____ THE DATA
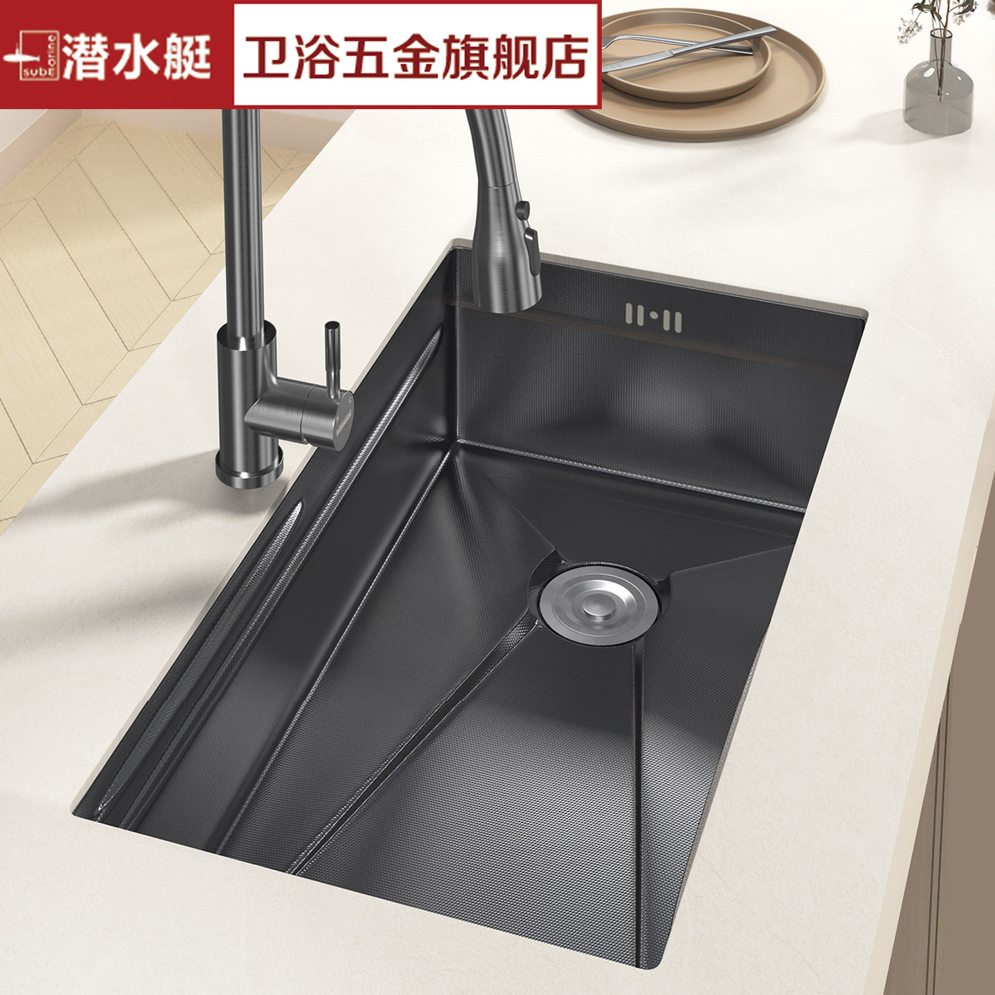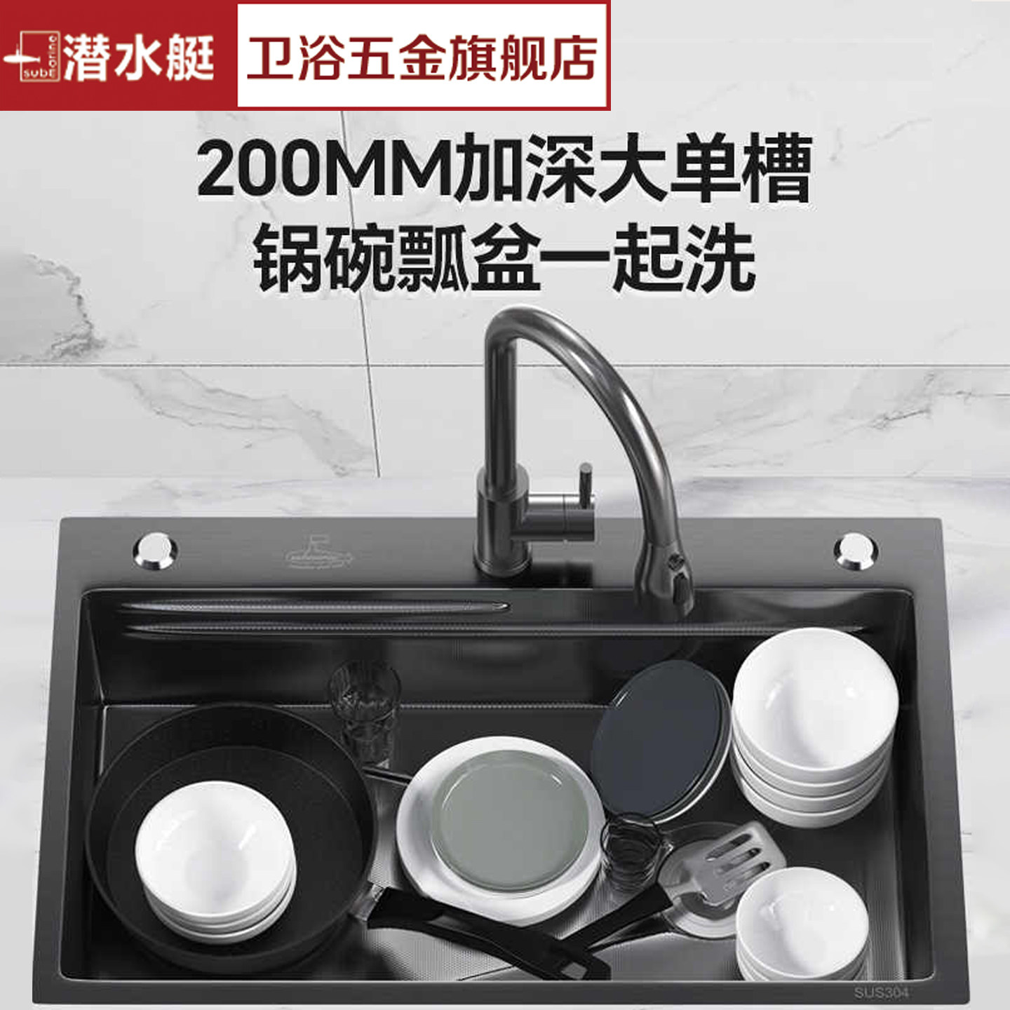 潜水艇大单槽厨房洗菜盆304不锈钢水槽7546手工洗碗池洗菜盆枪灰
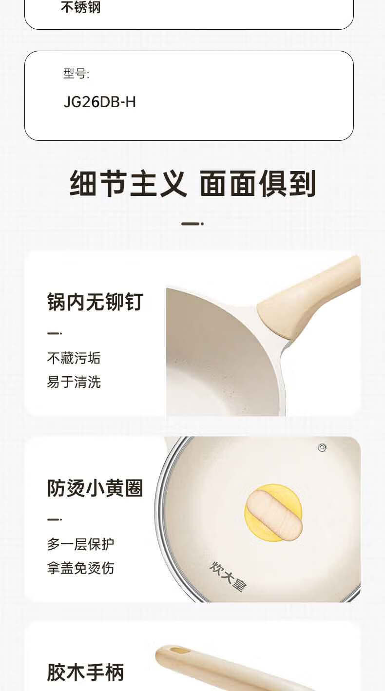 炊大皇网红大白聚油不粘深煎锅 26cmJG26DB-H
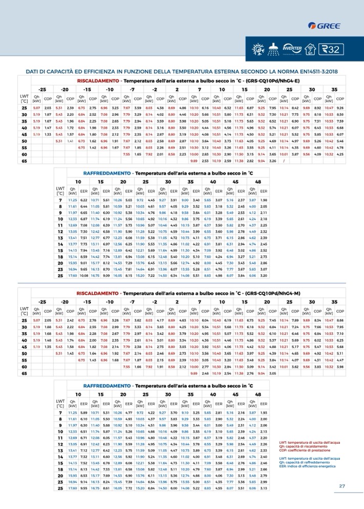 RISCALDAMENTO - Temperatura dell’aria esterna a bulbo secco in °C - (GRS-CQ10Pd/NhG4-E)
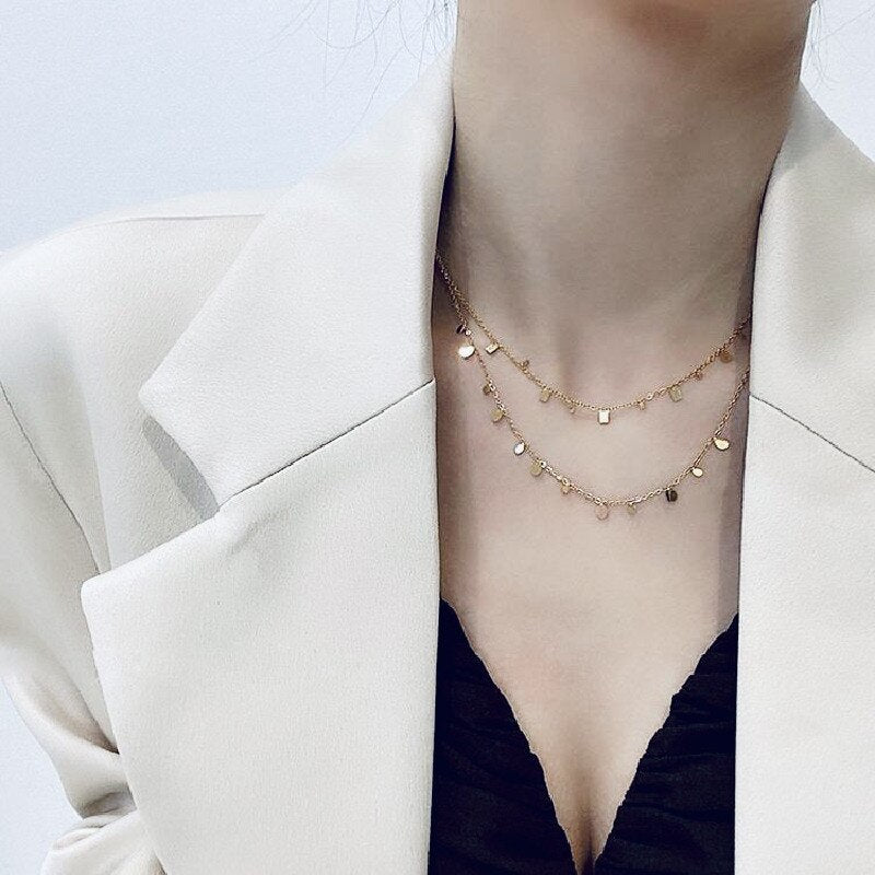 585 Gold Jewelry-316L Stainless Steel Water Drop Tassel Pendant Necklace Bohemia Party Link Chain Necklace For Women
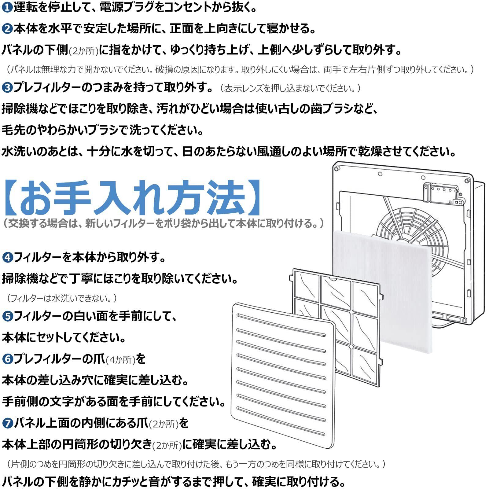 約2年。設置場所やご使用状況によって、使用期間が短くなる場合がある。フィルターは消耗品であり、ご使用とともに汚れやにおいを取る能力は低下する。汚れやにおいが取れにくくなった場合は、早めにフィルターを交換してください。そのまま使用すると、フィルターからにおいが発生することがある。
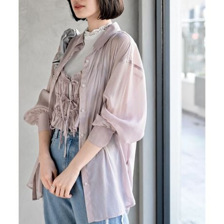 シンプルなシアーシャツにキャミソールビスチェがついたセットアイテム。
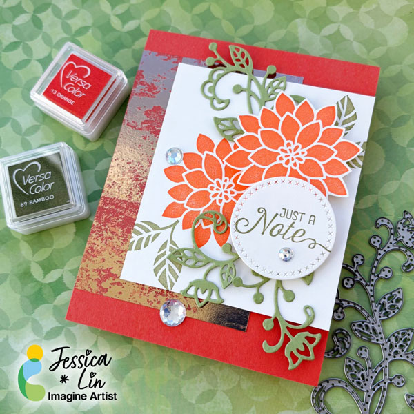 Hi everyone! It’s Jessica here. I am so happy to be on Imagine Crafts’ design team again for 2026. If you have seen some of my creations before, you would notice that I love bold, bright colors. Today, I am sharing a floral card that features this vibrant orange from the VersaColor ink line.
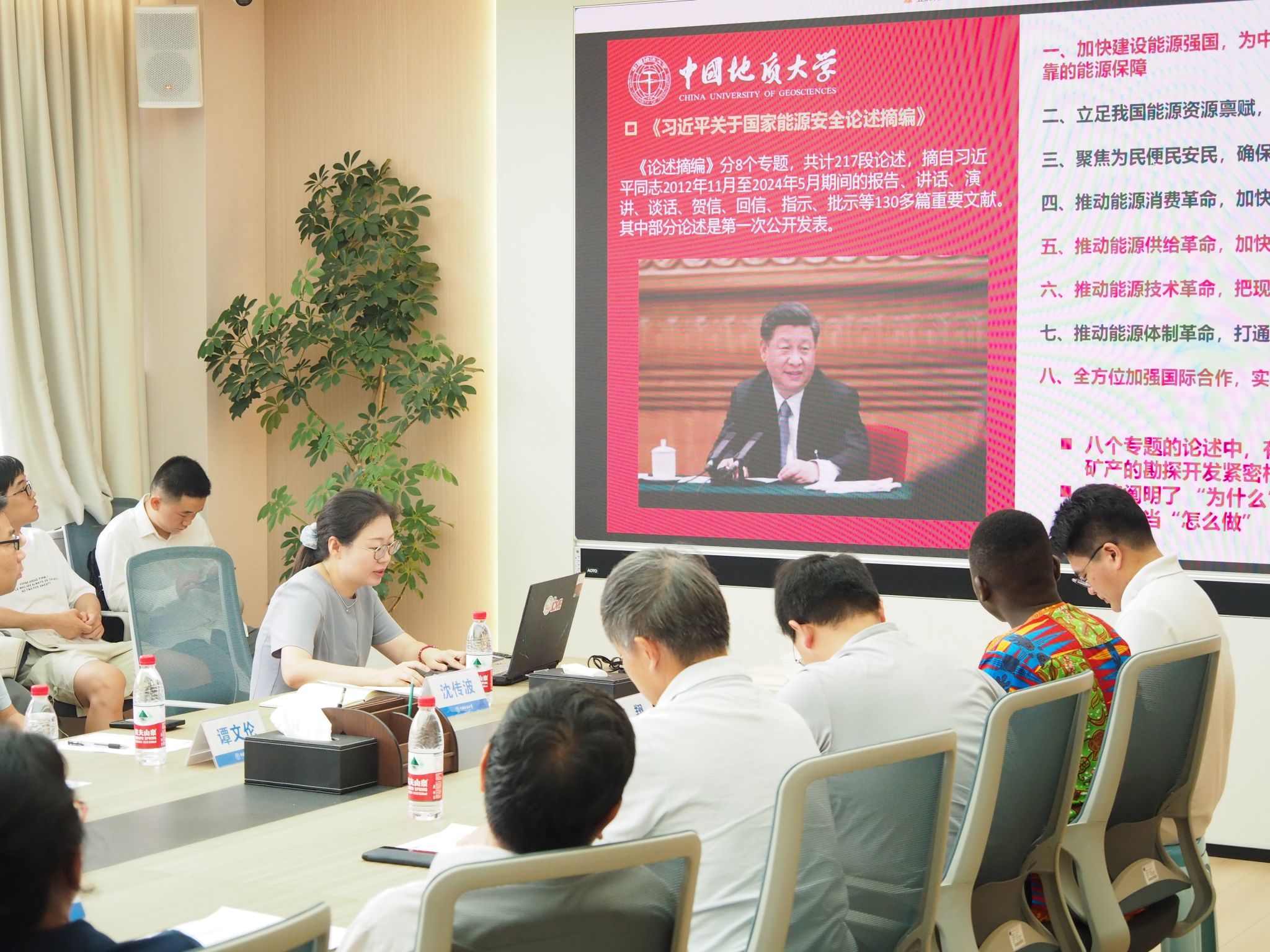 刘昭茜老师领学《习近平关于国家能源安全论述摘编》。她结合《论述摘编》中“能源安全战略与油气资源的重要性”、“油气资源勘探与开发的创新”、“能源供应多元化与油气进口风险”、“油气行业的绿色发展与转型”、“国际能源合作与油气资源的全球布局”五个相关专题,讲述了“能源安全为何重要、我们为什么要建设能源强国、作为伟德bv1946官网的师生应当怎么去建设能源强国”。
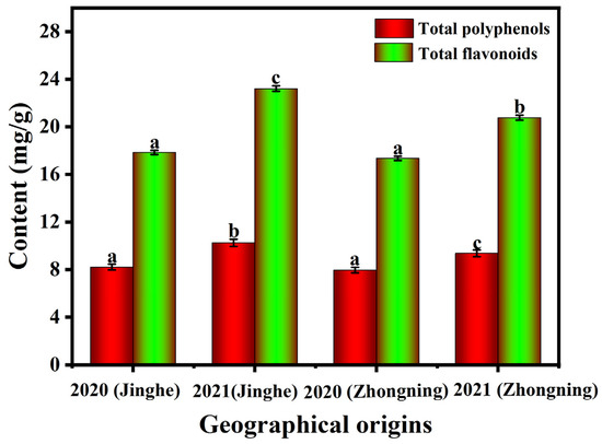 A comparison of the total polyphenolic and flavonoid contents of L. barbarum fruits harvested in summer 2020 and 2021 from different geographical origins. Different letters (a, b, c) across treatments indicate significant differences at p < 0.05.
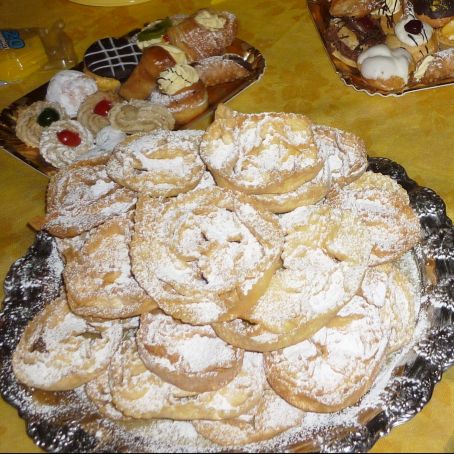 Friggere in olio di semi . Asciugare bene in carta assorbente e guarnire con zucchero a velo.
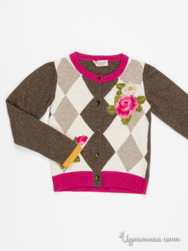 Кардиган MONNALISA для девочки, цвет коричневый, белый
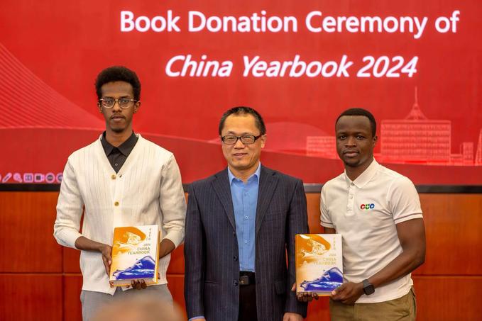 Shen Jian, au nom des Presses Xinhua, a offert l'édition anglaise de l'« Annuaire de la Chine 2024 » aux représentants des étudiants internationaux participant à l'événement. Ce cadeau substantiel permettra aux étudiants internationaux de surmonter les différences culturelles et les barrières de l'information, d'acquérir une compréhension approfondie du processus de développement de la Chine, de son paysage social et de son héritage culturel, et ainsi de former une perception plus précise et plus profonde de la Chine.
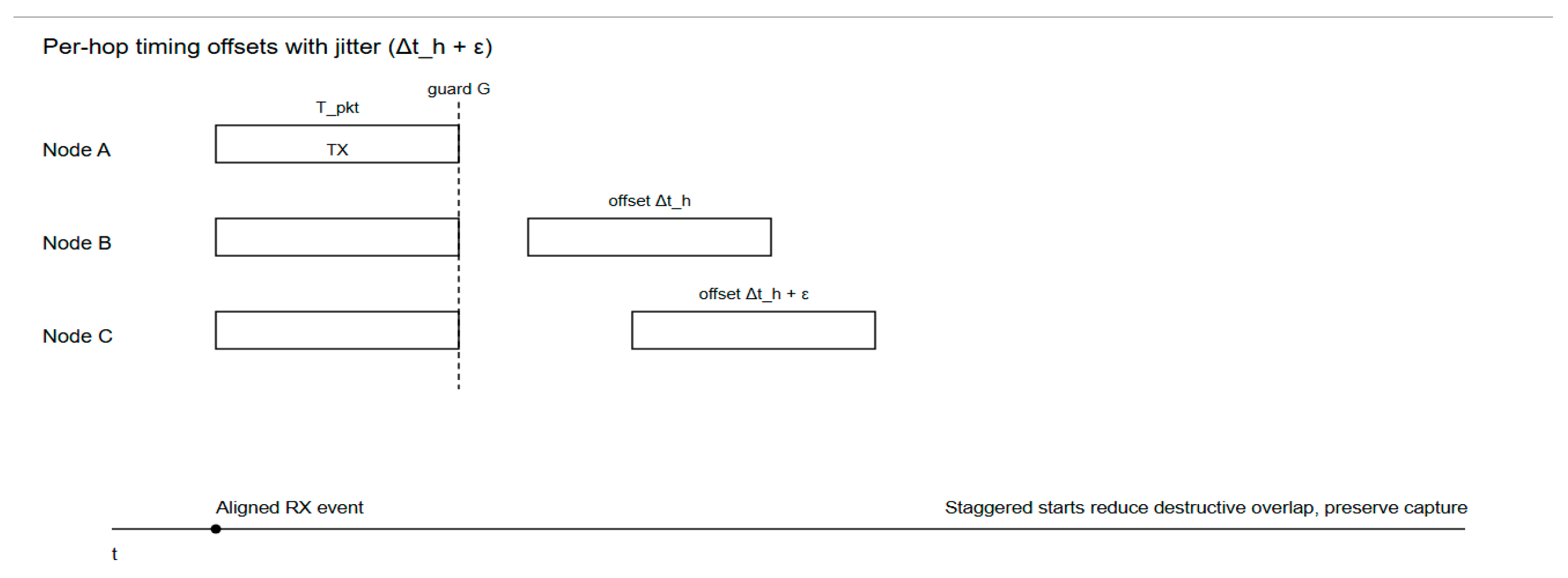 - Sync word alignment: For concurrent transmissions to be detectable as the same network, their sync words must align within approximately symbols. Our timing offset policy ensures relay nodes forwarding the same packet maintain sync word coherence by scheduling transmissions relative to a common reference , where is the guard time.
________
TASK: Would you restate, exactly and with no pictures, the lines of the entries above from the one containing "シンプルなシアーシャツにキャミソールビスチェがついたセットアイテム。" through the one containing "A comparison of"?

WRITTEN REPLY:
 シンプルなシアーシャツにキャミソールビスチェがついたセットアイテム。
 Hi everyone! It’s Jessica here. I am so happy to be on Imagine Crafts’ design team again for 2026. If you have seen some of my creations before, you would notice that I love bold, bright colors. Today, I am sharing a floral card that features this vibrant orange from the VersaColor ink line.
 刘昭茜老师领学《习近平关于国家能源安全论述摘编》。她结合《论述摘编》中“能源安全战略与油气资源的重要性”、“油气资源勘探与开发的创新”、“能源供应多元化与油气进口风险”、“油气行业的绿色发展与转型”、“国际能源合作与油气资源的全球布局”五个相关专题,讲述了“能源安全为何重要、我们为什么要建设能源强国、作为伟德bv1946官网的师生应当怎么去建设能源强国”。
 A comparison of the total polyphenolic and flavonoid contents of L. barbarum fruits harvested in summer 2020 and 2021 from different geographical origins. Different letters (a, b, c) across treatments indicate significant differences at p < 0.05.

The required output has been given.